Japan's Mt. Fuji, covered with snow, is seen through Shinjuku skyscrapers in Tokyo. Reuters/Kimimasa Mayama

Japan’s economy has improved dramatically since Prime Minister Shinzo Abe took office last December with promises to end two decades of deflation and tepid growth. Here’s a rundown of the major events and themes that economists predict will shape Japan’s economy and markets in 2014.

1. Consumption Tax Hike

“The growth outlook will largely be shaped by the consumption tax hike in April,” said Marcel Thieliant at Capital Economics in a note. “We should see an acceleration in demand in the first quarter, a slump in the second quarter and a recovery in the second half of the year.”

Japan’s national debt topped 1 quadrillion yen ($10.46 trillion) in the second quarter. That’s larger than the economies of Germany, France and the U.K. combined. Today, Japan’s gross public debt is by far the highest among advanced economies, standing close to 240 percent of GDP.

The tax hike is a double-edged sword. It would help raise revenue and prove that Japan is committed to fiscal reform, but the measure would also become a drag on the economy.

“The hit to growth may not as severe as in 1997, the last time Japan raised the sales tax, as the government has also rolled out a stimulus package to counter the effects,” Betty Rui Wang, Standard Chartered's Japan economist, said in a note.

The increase in sales tax will take about 8 trillion yen from consumers' pockets annually.
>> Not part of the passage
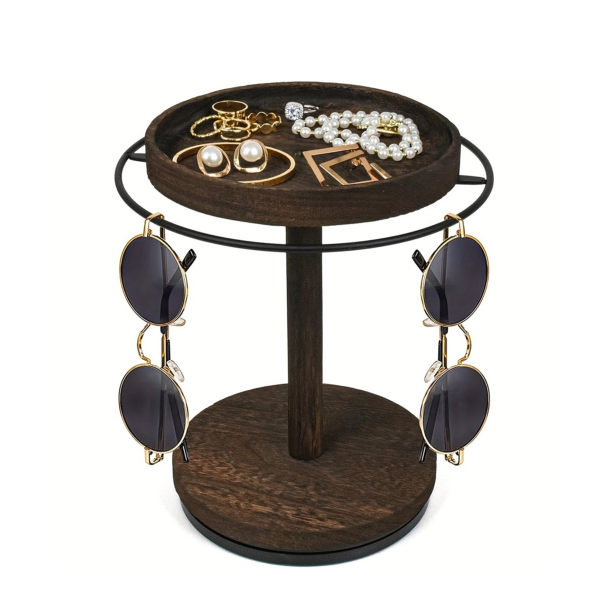 (24x15cm) Support en bois pour lunettes de soleil Porte-accessoires Organisateur de bijoux - Noir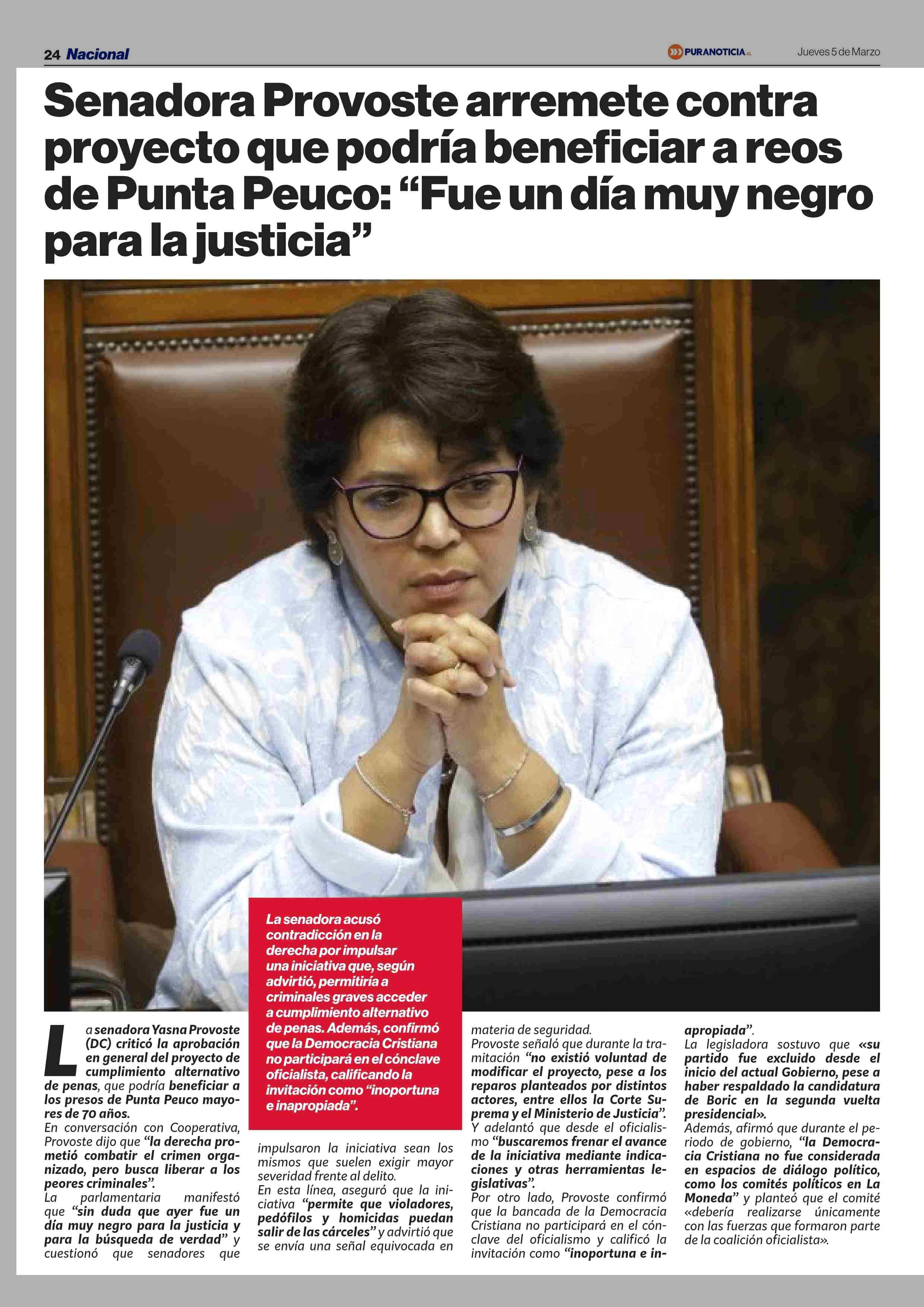 Título: Senadora Provoste arremete contra proyecto que podría beneficiar a reos de Punta Peuco: “Fue un día muy negro para la justicia”

But with an offsetting 5.5 trillion yen stimulus package unveiled by the Cabinet and a reduction in corporate tax revenue, Thieliant expects the resulting drag on economic growth to be fairly mild.

Capital Economics’ 2014 full-year GDP growth forecast is 1.5 percent, compared with a likely outturn of around 1.8 percent this year. With the fiscal stimulus due to expire in 2015, Thieliant expects a further slowdown then to 1.0 percent.

The national sales tax is set to rise to 8 percent in April and could rise to 10 percent in 2015 if the government goes ahead with its fiscal consolidation plan.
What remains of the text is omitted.